Jonah Goldberg is a Never Trumper and, as such, spends a great deal of his time scrutinizing the right, Trump supporters, Trump, and anything that will affirm his never Trumpism. So when he pens something positive about a Trump move, I take notice.
Of course in many cases, what Trump does is govern based on reality in a world, or a least a dying civilization, that has gotten used to calling it like it ain't. Let's face it, Obama was a bad president. He accomplished nothing except one legislation that was two hits and two misses at best. Mostly he governed according to the way he wanted things to be, rather than the way they were, letting Congress take the hard hits while relying on the press's willingness to entertain the charge of racism against anyone who questioned the president or his policies.
It was like the Clinton years, but worse, because you didn't have the injection of race into every conversion and debate for eight years under Clinton. Also, because many of the faux realities clung to by the Left were showing themselves to be glaringly flawed, the drive to cover reality in lies and falsehoods became more flagrant. And the more flagrant it became, the more used to seeing reality as unreality we got.
So when Trump made a symbolic statement that said squares are, in fact, square, and did was was true and legislated on the reality of the situation in the Middle East (what peace process?), the world went bat nuts. Trump dared to say the emperor is naked, and it's time we buy him some clothes.

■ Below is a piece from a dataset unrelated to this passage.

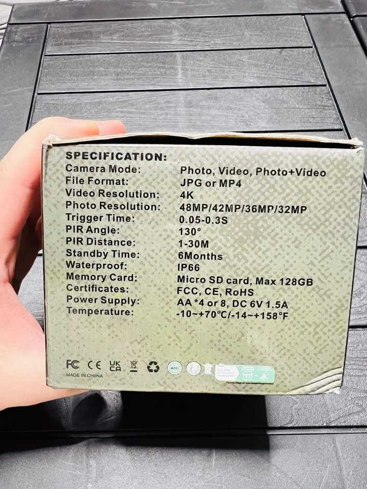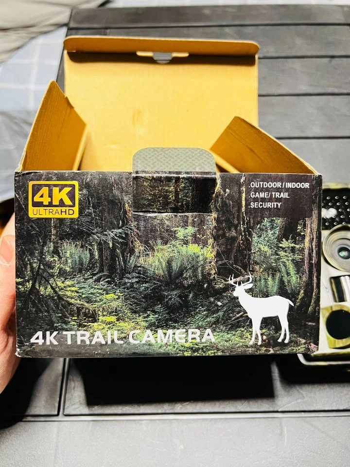 Awesome 4K trail camera with crisp 4K video and high-res photos up to 48MP. Great for outdoor, game, trail, or security use. It's waterproof with an IP66 rating and has a standby time of up to 6 months. Takes micro SD cards up to 128GB and runs on AA batteries. Everything included in the box.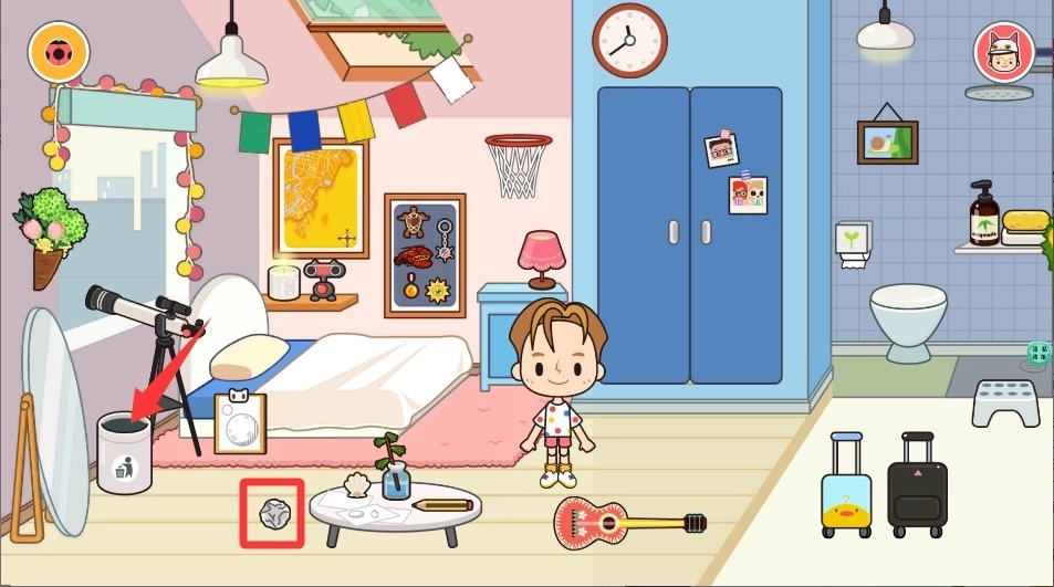 4、发现地面遗留垃圾时点击拾取功能,随后将其移动至垃圾桶图标处完成环境卫生维护。

Unfortunately, much of the Western world has become content declaring the naked emperor's clothes to be the latest fashion. This has been helped by other countries, non-Western countries, that might actually have ulterior motives that encourages them to support a false reality based on lies and fantasy. How doggedly the dying West clings to old lies remains to be seen. So many progressive ideals have failed so miserably when put into practice, lies (and accusations) are about all the Left has with which to defend itself. We'll see.